И снова замолчала. Тишина между ними была не добрая и не злая — просто пустая, как комната, из которой вынесли все вещи.
Улица: взгляд со стороны
После завтрака Оксана вышла во двор. Там всё было знакомо и в то же время чужое. Скамейка у подъезда, на которой они с девчонками сидели по вечерам, теперь была покрашена в ярко-зелёный цвет, и краска облупилась. На детской площадке — новые качели, но песок в песочнице был серый, грязный, будто его давно не меняли.
Соседка тётя Валя, которая раньше всегда угощала их пирожками, вышла из подъезда с сумкой-сеткой. Увидела Оксану — и вдруг остановилась, будто налетела на невидимую стену.
— Господи… — прошептала она, прижимая руку к груди. — Оксанка?
Оксана хотела улыбнуться, но улыбка не получилась.
— Здравствуйте, тётя Валя, — сказала она.
Та подошла ближе, вгляделась в лицо, особенно в шрам, и вдруг обняла её — крепко, по-матерински, так, как мать дома не обняла.
— Живая, — повторяла она, покачивая Оксану из стороны в сторону. — Господи, живая… А мы-то думали, что всё, нет тебя.
Оксана уткнулась ей в плечо и почувствовала, как по щекам текут слёзы — тихие, горячие, которые она не замечала.
— Пойдём, — сказала тётя Валя, отстраняясь и вытирая глаза краем платка. — Пойдём ко мне, чаю попьём. Я тут пирог испекла, с капустой. Ты любишь?
Оксана кивнула, не доверяя голосу.
У тёти Вали в квартире было тепло, пахло ванилью и старыми книгами. На стене — календарь с котятами, на подоконнике — герань в глиняном горшке. Они сели за стол, и тётя Валя налила чай в чашки с цветочками, поставила тарелку с куском пирога.
— Рассказывай, — тихо сказала она, глядя на Оксану с такой надеждой, что той захотелось соврать — сказать, что всё было не так страшно, что она просто работала в госпитале, а потом долго не могла вернуться. Но врать не получилось.
— Долго, — сказала Оксана, глядя в чашку. — Очень долго. И нехорошо там было.
Тётя Валя молча подвинула к ней сахарницу, потом взяла её руку и сжала в своей — тёплой, сухой, морщинистой.
— Ты теперь дома, — сказала она. — Это главное. Остальное… потихоньку.

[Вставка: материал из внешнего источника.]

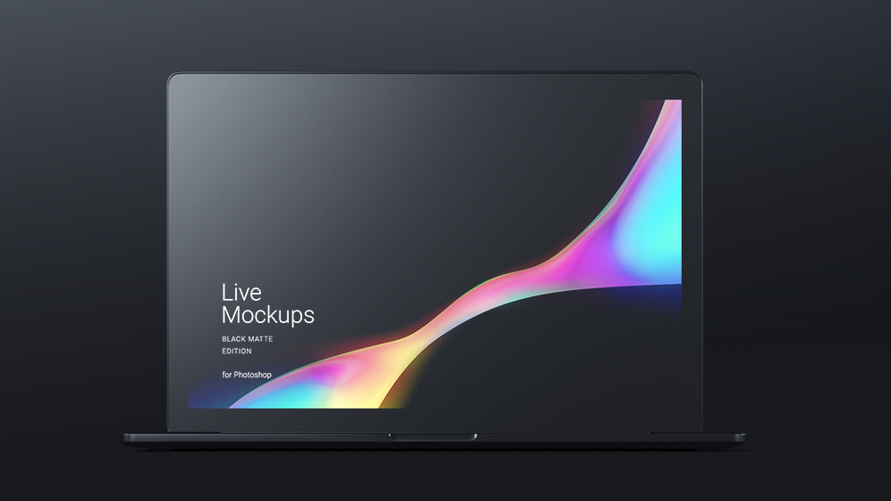 블랙 매트 에디션의 맥북 목업 경량화 버전입니다. 이미지의 최대 사이즈는 가로 사이즈 기준 1000px까지 줄였습니다. 가볍게 쓸수 있는 맥북 목업파일입니다. 전면의 대체 이미지를 변경하여 사용할 수 있습니다.
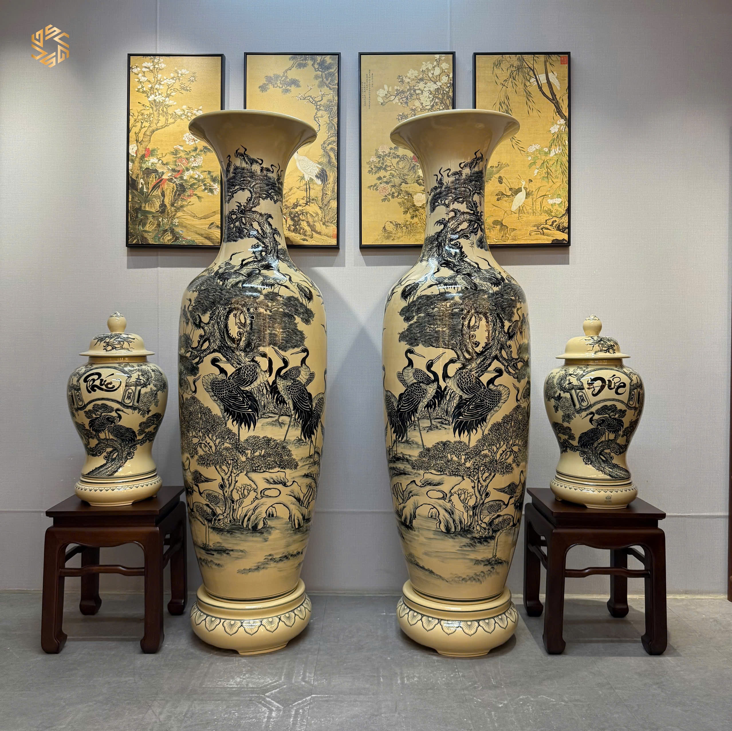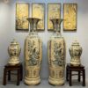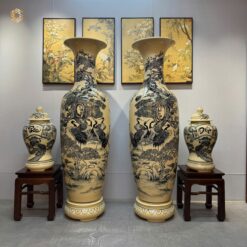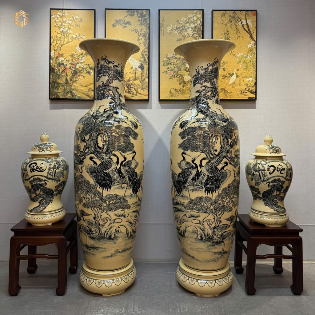 ComBo Lộc Bình Gốm Chu Đậu 1M75 Hoạ Tiết Bách Hạc Quần Tùng & Cặp Choé Phúc Đức H60 Men Gốm Truyền Thống
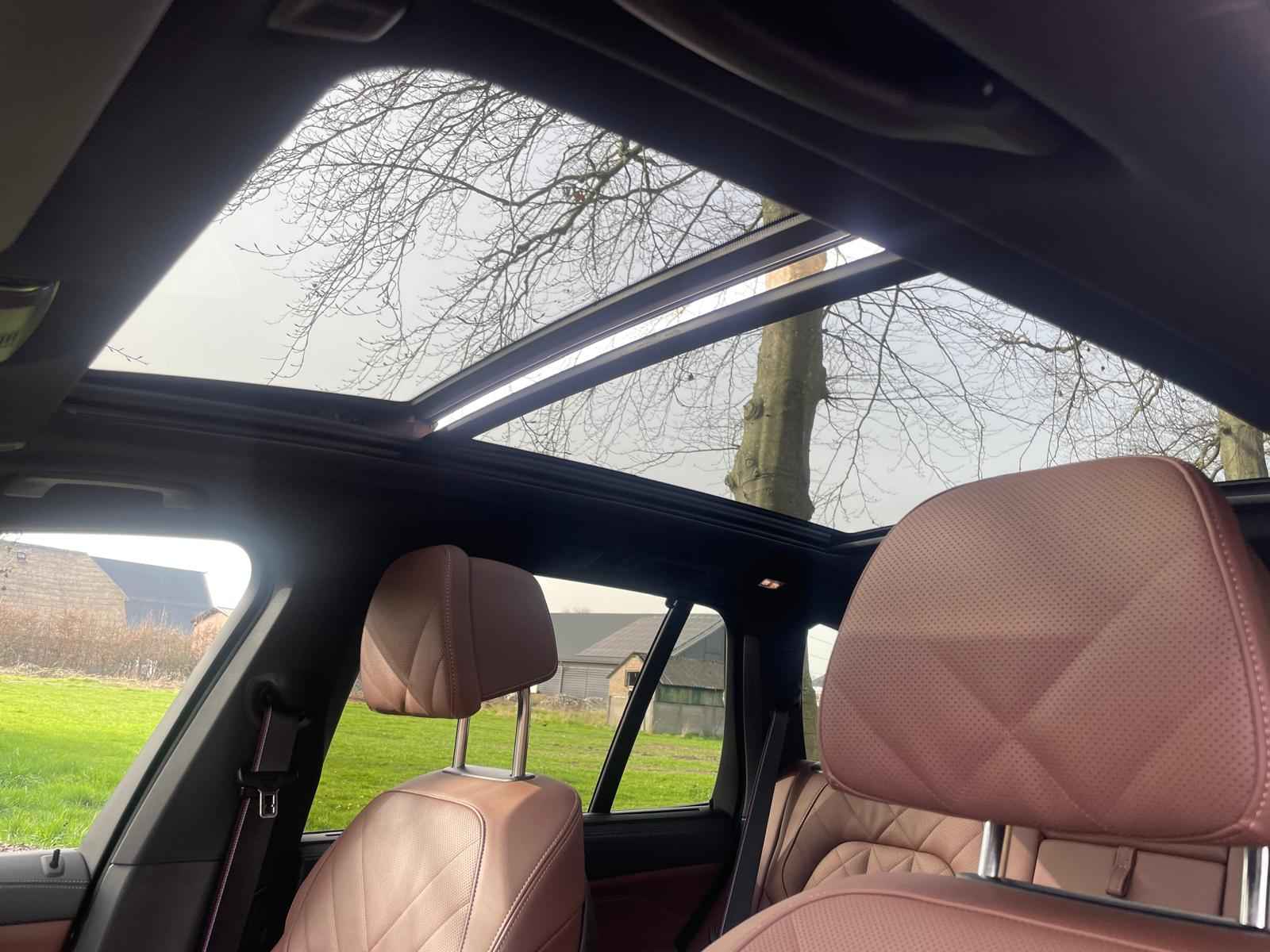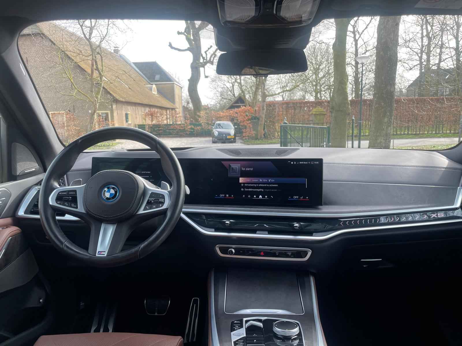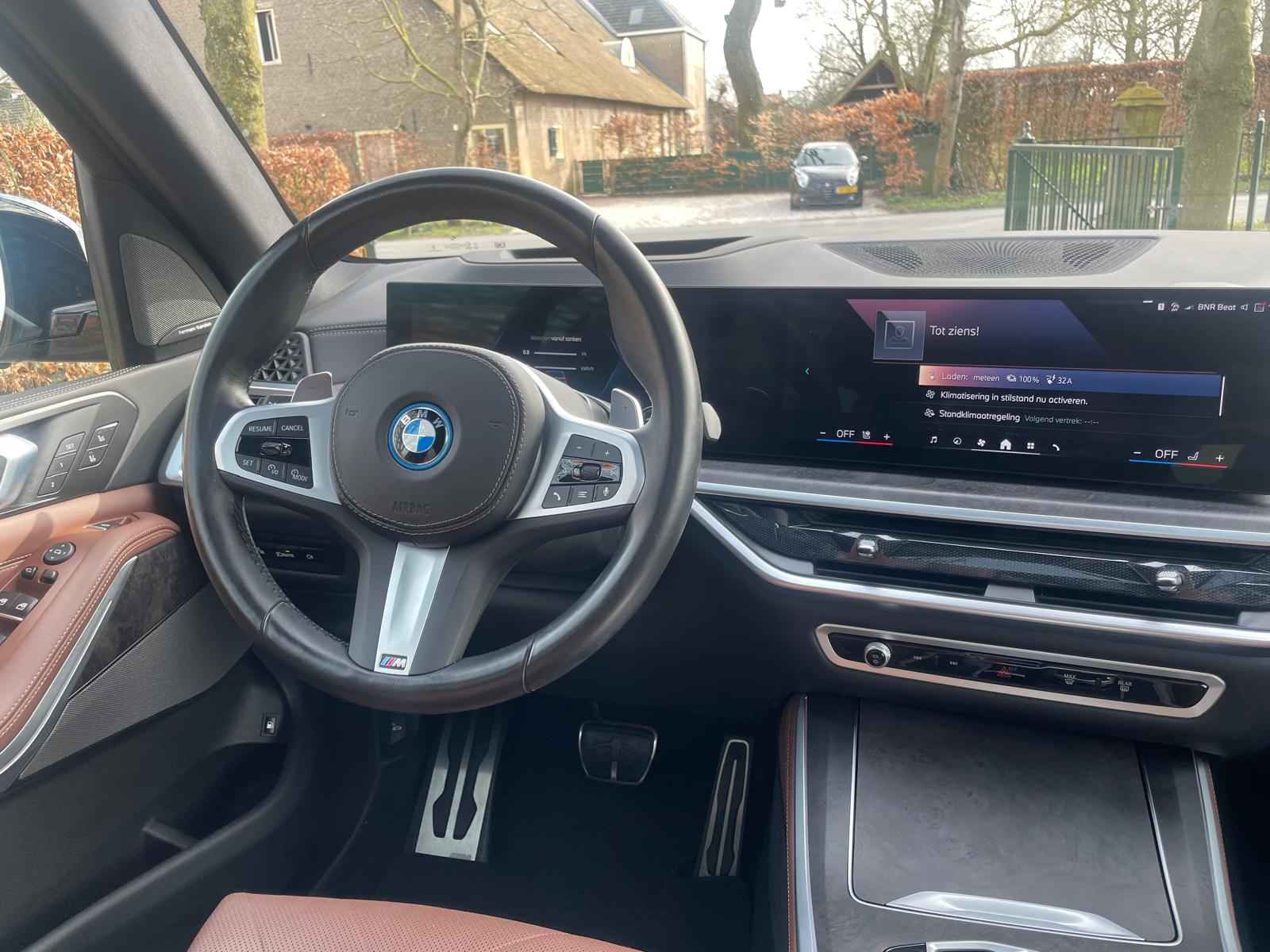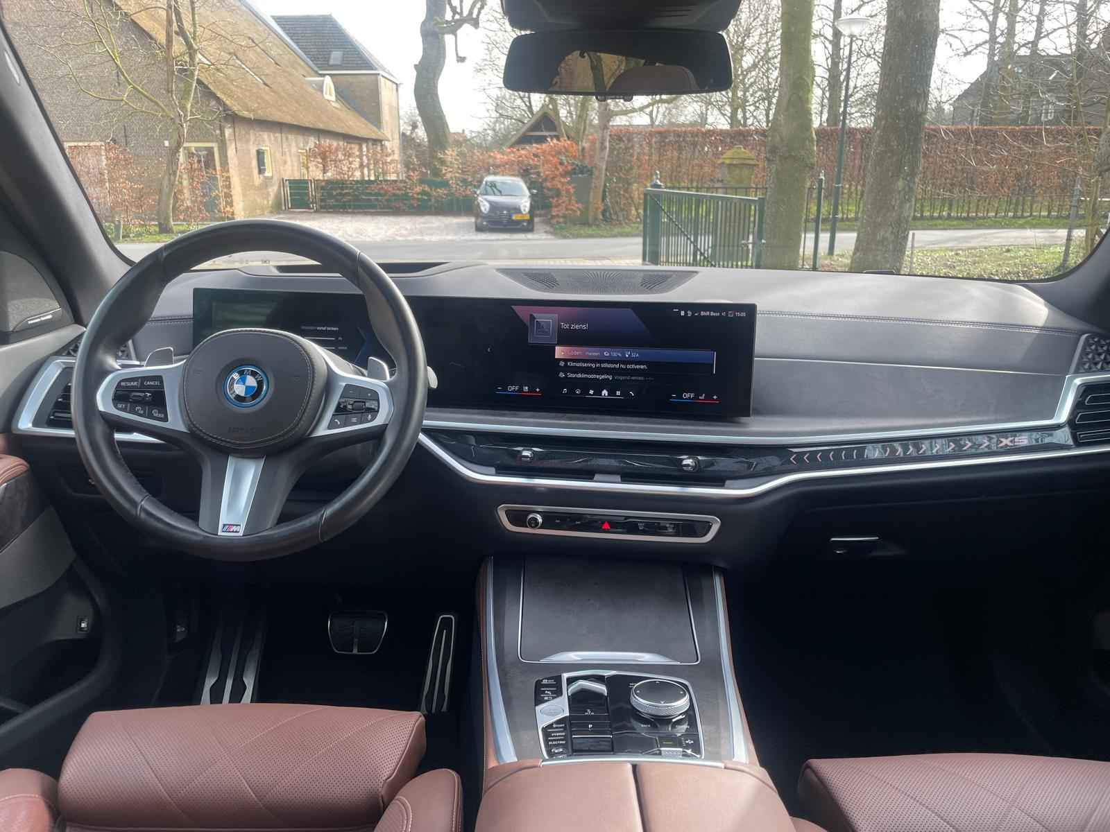 Tot de verdere uitrusting behoort massagefunctie op de voorstoelen, soft close portieren, 22" dubbelspaak 915 M velg, stoelventilatie op voorstoelen, ambient air pakket met automatische parfumering, verwarmbare / koelbare bekerhouders, Harman Kardon surround audio, head up display, 4 gescheiden zone klimaatregeling, elektrisch wegklapbare trekhaak, Iconic Glow verlichte grille, akoestisch geluidsisolerend glas, luchtvering met niveauregeling, comfort access (keyless entry), LED koplampen met adaptieve lichtverdeling, 360 graden camera met remote 3D View, BMW Gesture Control, dode hoek assistent, actieve spoorassistent, draadloos laden voor smartphone, achteruitrijcamera, comfortstoelen met memory functie, DAB-tuner, navigatiesysteem Professional en speed limit weergave, uitgebreide bluetooth telefoonvoorbereiding met audiostreaming, verwarmbare voorstoelen, verwarmbare zitplaatsen achter, verwarmbaar stuurwiel, travel pakket met universele aansluiting voor tablets en andere accessoires in achterzijde van voorstoelen, dakdraagsysteem hoogglans shadow line, extra getint glas achter, elektrisch bedienbare achterklep, automatische klimaatregeling met gescheiden zones voor en achter, elektrisch inklapbare buitenspiegels en multimedia aansluitingen.

И Оксана вдруг почувствовала, как в груди что-то отпускает — не до конца, но хоть на каплю.
Разговор, который не клеится
Через два дня мать вернулась из ЖЭКа с бумажкой, которую держала так, будто та могла испачкать руки.
— Сказали, надо заявление написать, — сказала она, кладя листок на стол. — И ещё справку какую-то. Я не запомнила.
Оксана взяла листок, посмотрела на ровные строчки, напечатанные на машинке.
— Я сама схожу, — сказала она. — Завтра.
Мать кивнула, будто обрадовалась, что не придётся идти вместе.
Вечером пришёл отец. Он вошёл, снял ботинки, поставил их аккуратно у порога, потом сел на стул и начал развязывать шнурки, хотя они и так были развязаны.
— Как дела? — спросил он, не поднимая глаз.
— Нормально, — ответила Оксана. — Завтра в ЖЭК пойду.
Он кивнул.
— Правильно, — сказал он. — Надо всё по порядку.
И опять замолчал.
Оксана смотрела на него — на седые волосы, на морщины, которых раньше не было, на руки, которые когда-то крепко обнимали её, когда она падала с велосипеда. Хотелось подойти, положить голову ему на плечо и сказать: «Папа, мне так страшно». Но слова не шли. Вместо этого она спросила:
— А памятник… тот, на кладбище… вы его оставили?
Отец замер, будто кто-то выключил его на секунду. Потом медленно поднял голову.
— Оставили, — сказал он. — Думали… вдруг пригодится.
Оксана почувствовала, как внутри всё сжимается.
— Понятно, — прошептала она.
Отец встал, подошёл к буфету, достал банку с чаем.
— Может, чаю? — спросил он.
— Нет, спасибо, — сказала Оксана и вышла в коридор, чтобы никто не видел, как она вытирает глаза рукавом.
ЖЭК: бумажная жизнь
В ЖЭКе было душно и пахло краской. За стойкой сидела женщина в очках, листала какие-то папки и время от времени вздыхала, будто сама от себя уставала.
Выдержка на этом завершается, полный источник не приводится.